Consider the recursive relation $a_{n+1}:=a_n+\cfrac{a_n^2}{n^2}$. The existence of $\lim_n a_n$ depends on the initial value $a_1$. For instance:

If $a_1=1$, then $a_n=n$ and the sequence is divergent.

If $a_1=0$, then $a_n=0$ and the sequence is convergent.

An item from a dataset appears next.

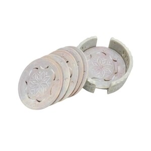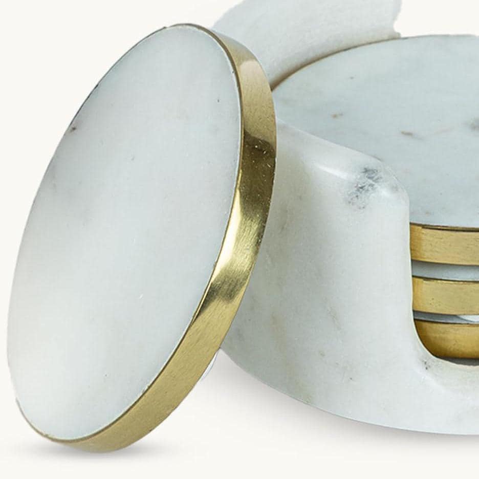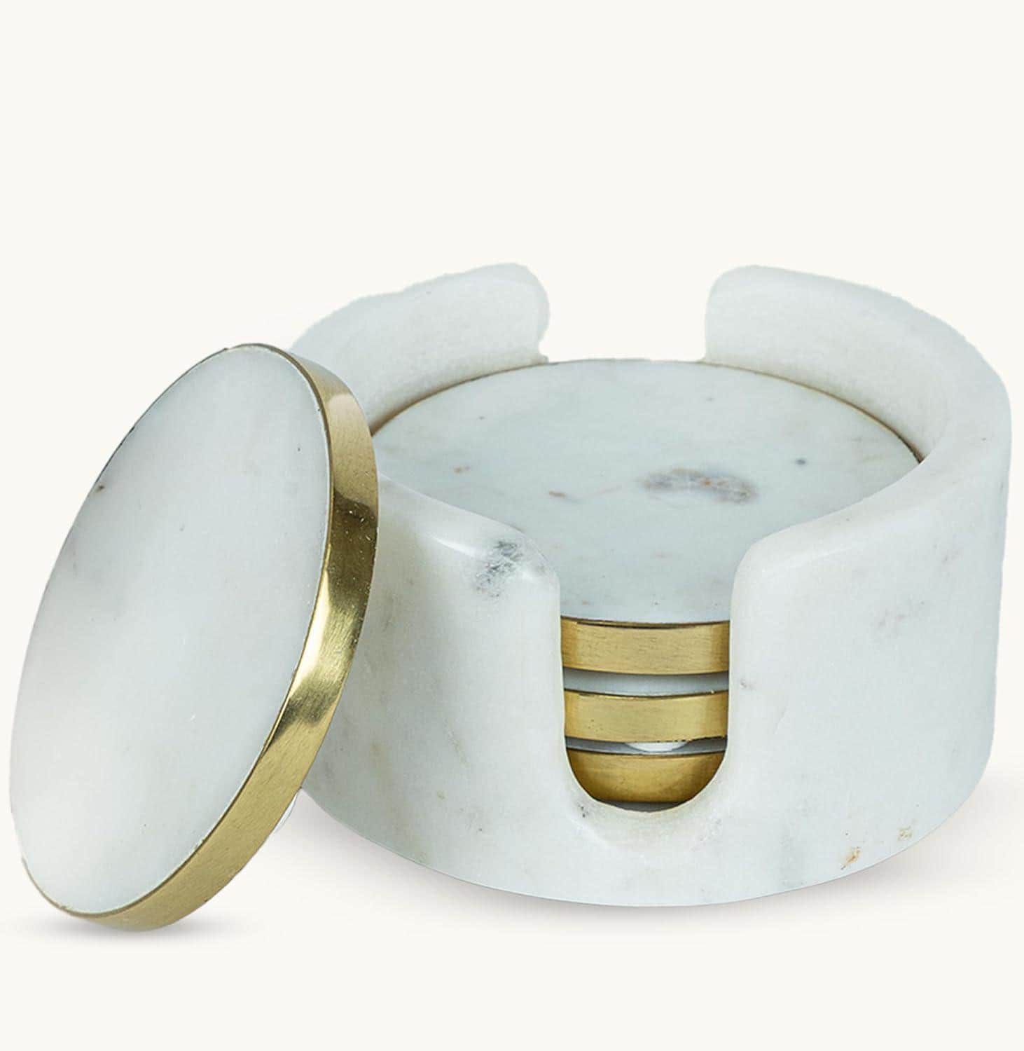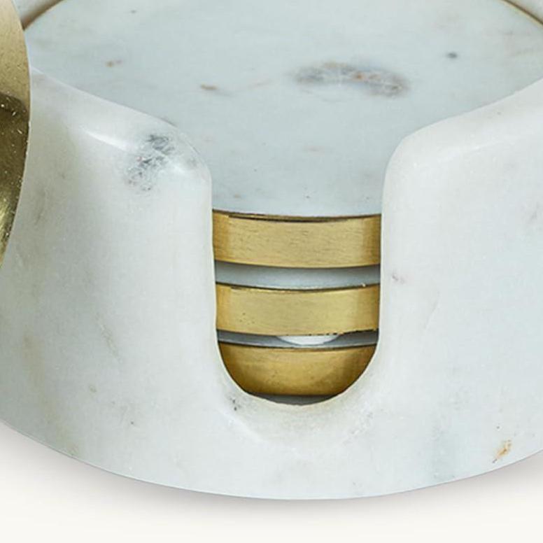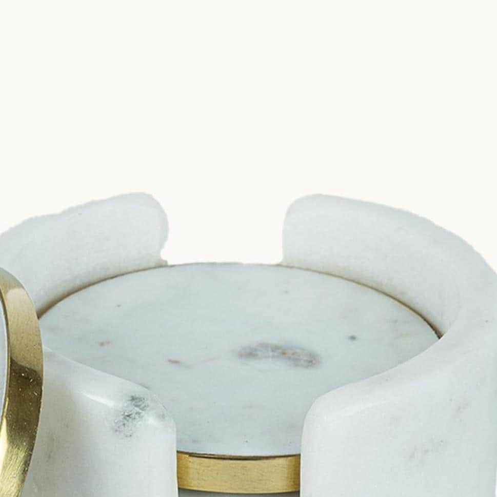 Elevate your tabletops with this White Marble Coasters Set of 4 with Holder, featuring a refined gold brass rim and thoughtful design for everyday use. These 4″ round drink coasters are both functional and stylish — ideal for coffee, tea, cocktails, and all your favourite beverages.

  • Numerical calculation shows that if $a_1\in(-2,1)$, then it is convergent. Is that right? How to prove that, and can we find the limit?
  • How about $a_1\in \mathbb{C}$ ?

P.S: I found this related to Göbel's Sequence.

  • $\begingroup$ it should converge at least for every $z \in \Bbb C$ with $|z|<1$ $\endgroup$ – mercio Oct 14 '17 at 7:30
  • $\begingroup$ numerically it also seems to converge when $z=i$. $\endgroup$ – Ewan Delanoy Oct 14 '17 at 7:43
  • $\begingroup$ also if $a_1 = -1-x$ or $a_1=x$ then $a_2 = x+x^2$ in both cases so there is a huge symmetry. $\endgroup$ – mercio Oct 14 '17 at 7:56
  • $\begingroup$ also it looks like any $z$ with $|z| \ge 4$ would give a sequence that goes to infinity. $\endgroup$ – mercio Oct 14 '17 at 8:24
  • $\begingroup$ @mercio I found it looks the same as Julia set $Re=0.25,Im=0$. $\endgroup$ – GalAster Oct 14 '17 at 8:27

For $-1<a_1<0$ we can see that $a_n<0$ and $a$ increases.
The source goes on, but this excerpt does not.